Manage project dependencies with conda environments

TL;DR: Create a conda environment for each project, capture exact versions when possible, automate activation and updating with a bash function.

I often work on several different projects involving software: Python libraries, papers, presentations, posters, this website, etc. Each project has different dependencies and there is a non-zero chance that these dependencies might be in conflict with each other. For example, I need Python 2.7 to work on a tesseroid modeling paper with a student, while my current work on GMT/Python and GPS interpolation project are Python 3.5+ only. Clearly, I can't have everything under the same Python installation. That's where virtual environments come in.

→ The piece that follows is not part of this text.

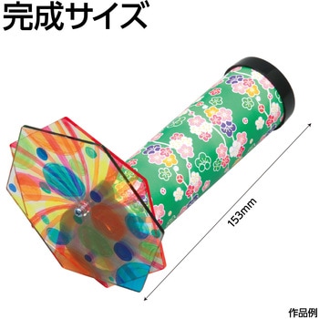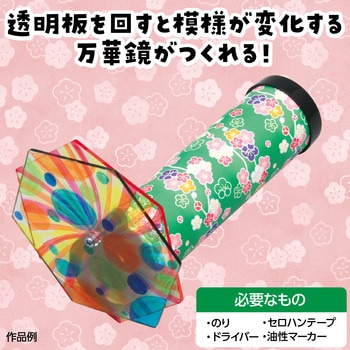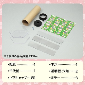 自分で描いた絵が、万華鏡の美しい模様になる透明板に絵を描いて回すと模様が変化する万華鏡です。オリジナルの万華鏡がつくれます。プラスチックキャップに差し込むだけなので、組み立ても簡単です。材質:紙、PP、ポリ塩化ビニル。サイズ:完成サイズ:Φ100×153mm、紙管:Φ39×140mm、ミラー:31×140mm、千代紙:140×125mm、透明板・六角:100×100×2mm。セット内容:紙管×1、ミラー×3、キャップ×各1、千代紙×1、ネジ×1、透明板・六角×2
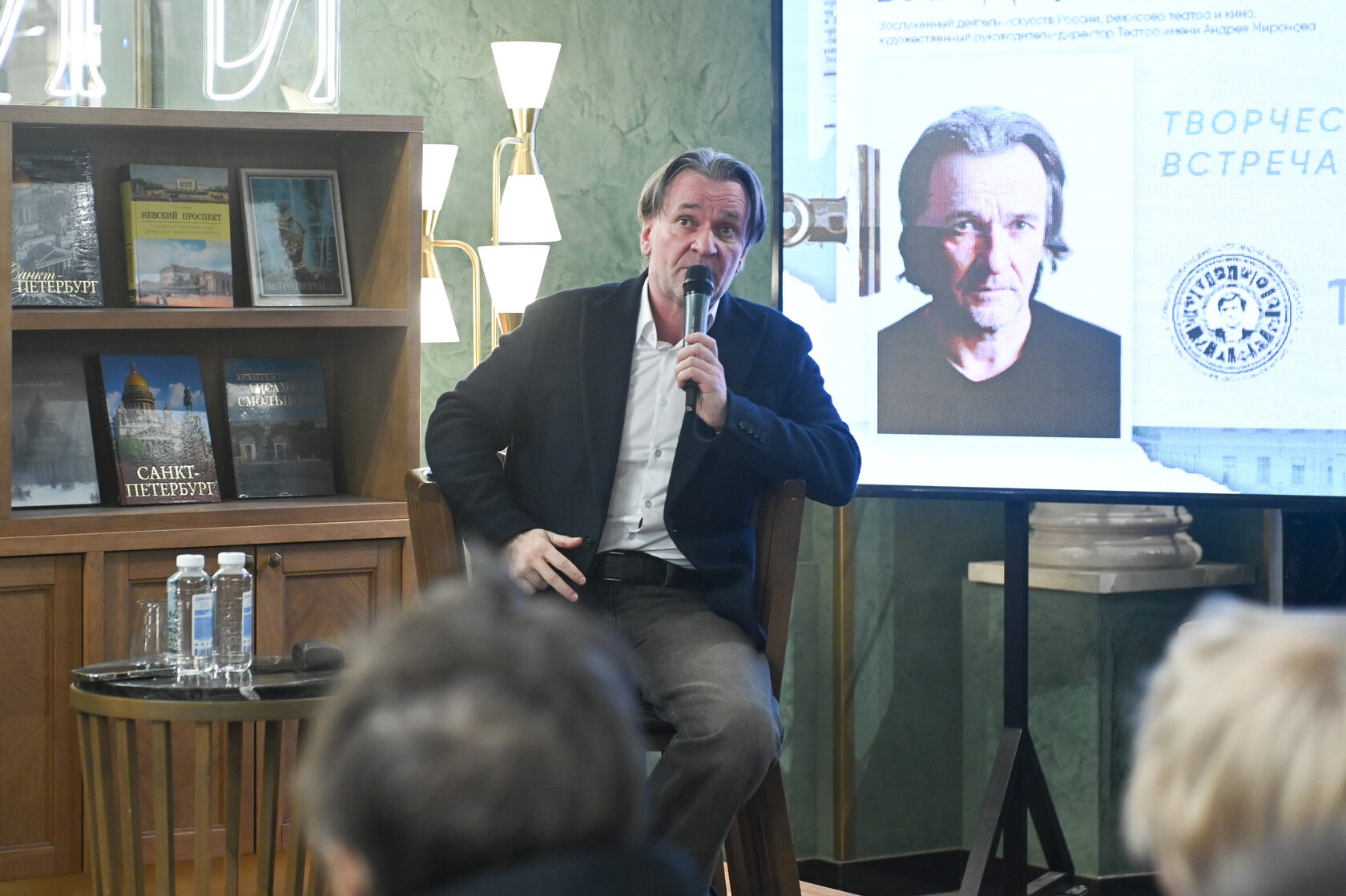 Одной из центральных тем встречи стали недавние премьеры в Театре имени Андрея Миронова «Кукольный дом» Вячеслава Комарницкого и «Живой труп» Юрия Цуркану. В зале был исполнитель главной роли Феди Протасова в «Живом трупе» Алексей Морозов.

Virtual environments allow you to create multiple separate Python installations ("environments"). You can install different packages on each and switch between them easily. Currently, you can do this using Python's virtualenv or using the conda package manager. I use conda for all my package management because I need non-Python packages and multiple Python versions. If you're new to conda, please go check out Eric Ma's great tips for working with conda.

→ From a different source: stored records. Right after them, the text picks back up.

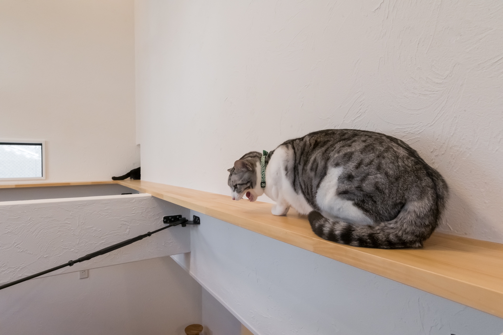階段を上がると一面に広がるキャットウォークが。ねこ様のくつろぐ姿に毎日癒されます。
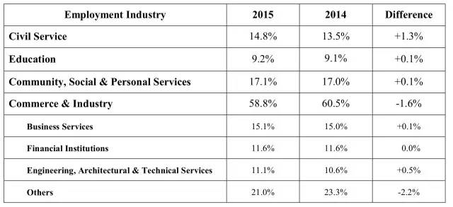 加上Business Services(商业服务)、Financial Institution(金融机构),更是达到了85.5%,如此一来,既符合香港自身一贯商业、金融的定位,也和香港90%左右的服务业占比是吻合的。
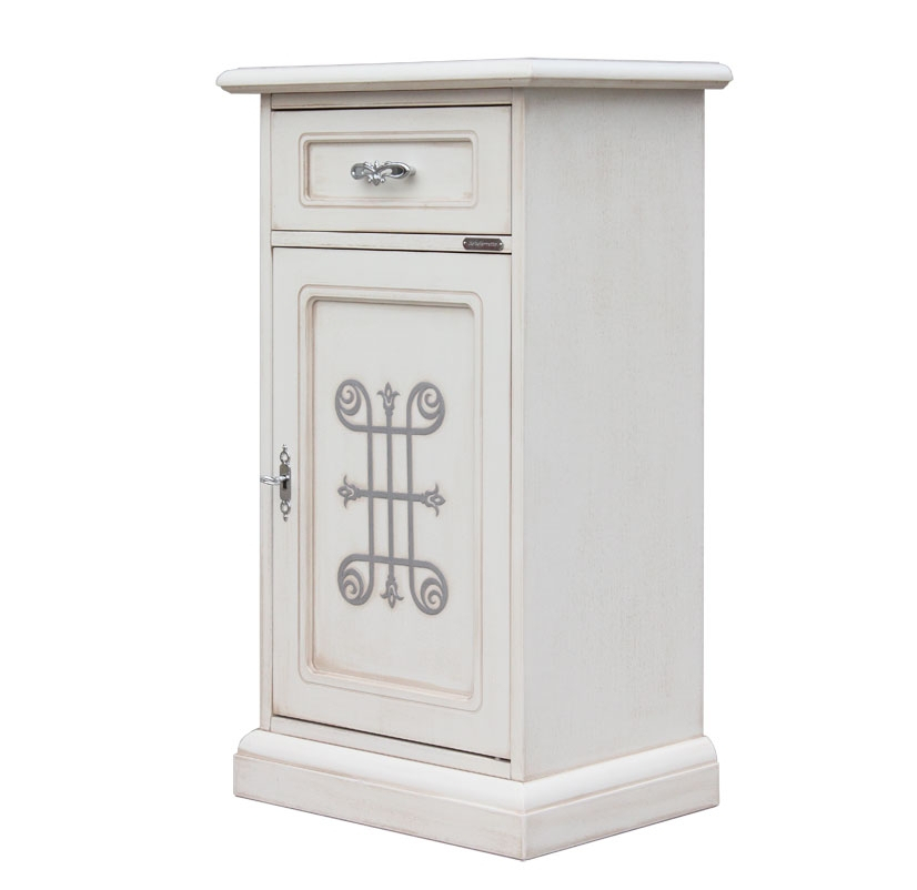 L'elegante antina racchiude, grazie ad una robusta serratura, un vano che, diviso a metà da un ripiano regolabile in diverse altezze, offre l'opportunità di ospitare i più svariati oggetti.

In this post, I'll share some more tips and a bash function I made for managing environments.

When to create environments

First of all, I want to reiterate Eric's second hack: create one conda environment for each project.

I have been doing this for a few years now and even included a default environment file in my research group's paper template. As soon as I start a new project repository, I'll create an environment.yml with the configuration I need:

# The name of the environment matching the repository name
name: same-as-repository
# I prefer conda-forge packages for my projects
channels:
- conda-forge
- defaults
# Start with Python and include everything you need
dependencies:
- python=3.7
- pip
- numpy
...

With this file in the repository, you can create the new environment by running:

conda env create

The advantage of always having the environment file is that I always know what each project needs. This is particularly useful when switching back and forth between a laptop and desktop or when returning to a project after a while.

Now you can activate the environment using source activate same-as-repository to get access to a completely separate Python installation. When switching to a different project, always source activate environment-name and then run your code.

See the conda docs for more information on environments.

Be as specific as you can

When creating environments for papers, it's a good idea to capture the exact versions of every package so that you can rebuild the environment later on. Otherwise, there is the risk of dependencies updating and your code no longer running. You might not want to do this if you're still in the middle of the project and adding new dependencies.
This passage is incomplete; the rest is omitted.